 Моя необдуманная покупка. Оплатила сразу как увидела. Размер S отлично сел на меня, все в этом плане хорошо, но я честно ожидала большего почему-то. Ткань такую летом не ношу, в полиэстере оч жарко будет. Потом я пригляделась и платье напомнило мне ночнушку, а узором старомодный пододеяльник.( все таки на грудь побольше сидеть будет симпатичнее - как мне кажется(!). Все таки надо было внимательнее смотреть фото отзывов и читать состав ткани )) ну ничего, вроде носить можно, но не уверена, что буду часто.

════════════════════

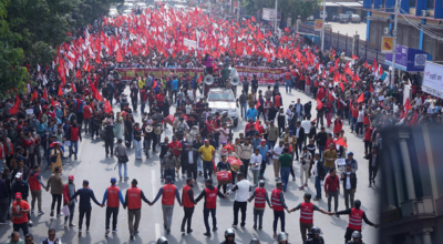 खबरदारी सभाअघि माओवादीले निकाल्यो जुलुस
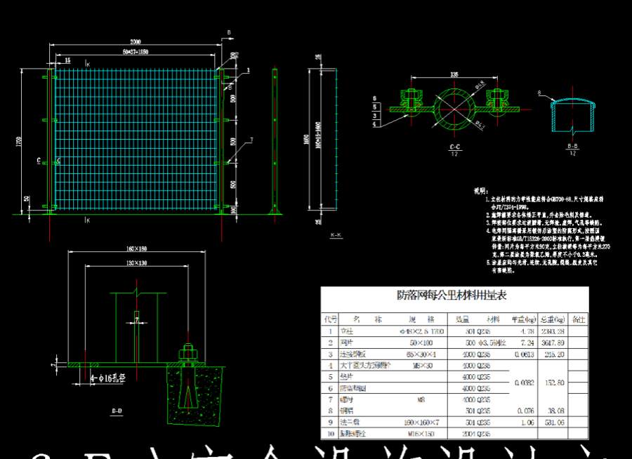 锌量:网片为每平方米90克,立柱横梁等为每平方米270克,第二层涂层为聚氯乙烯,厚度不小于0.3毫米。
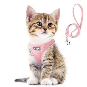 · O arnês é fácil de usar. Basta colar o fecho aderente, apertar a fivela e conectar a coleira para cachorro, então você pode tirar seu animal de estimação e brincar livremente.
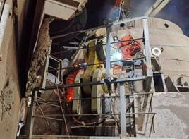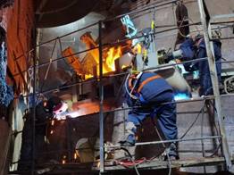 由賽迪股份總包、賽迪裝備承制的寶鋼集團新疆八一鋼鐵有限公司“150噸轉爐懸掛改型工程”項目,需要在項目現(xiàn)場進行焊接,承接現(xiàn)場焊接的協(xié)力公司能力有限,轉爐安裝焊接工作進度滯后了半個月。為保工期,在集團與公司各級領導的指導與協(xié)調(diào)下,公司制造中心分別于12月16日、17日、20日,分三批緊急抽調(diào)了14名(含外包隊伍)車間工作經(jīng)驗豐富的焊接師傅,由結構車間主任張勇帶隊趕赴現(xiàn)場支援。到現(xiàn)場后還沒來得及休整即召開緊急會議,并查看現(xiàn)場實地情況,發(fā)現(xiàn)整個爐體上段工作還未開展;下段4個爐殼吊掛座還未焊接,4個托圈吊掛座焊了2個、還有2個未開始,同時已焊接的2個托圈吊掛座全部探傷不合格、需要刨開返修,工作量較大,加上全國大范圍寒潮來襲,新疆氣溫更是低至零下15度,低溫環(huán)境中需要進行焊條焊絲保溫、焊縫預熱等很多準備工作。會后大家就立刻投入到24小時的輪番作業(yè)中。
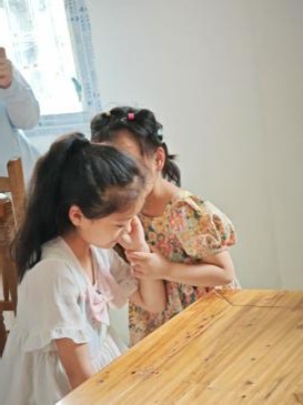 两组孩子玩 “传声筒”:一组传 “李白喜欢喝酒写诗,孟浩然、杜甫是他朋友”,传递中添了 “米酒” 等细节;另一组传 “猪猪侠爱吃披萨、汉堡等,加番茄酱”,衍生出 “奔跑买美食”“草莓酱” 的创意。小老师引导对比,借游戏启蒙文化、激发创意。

════════════════════

Give exactly the lines above that run from the line with "锌量:网片为每平方米90克,立柱横梁等为" to the line with "e brincar livremente.", both included, leaving every picture out.

 锌量:网片为每平方米90克,立柱横梁等为每平方米270克,第二层涂层为聚氯乙烯,厚度不小于0.3毫米。
 · O arnês é fácil de usar. Basta colar o fecho aderente, apertar a fivela e conectar a coleira para cachorro, então você pode tirar seu animal de estimação e brincar livremente.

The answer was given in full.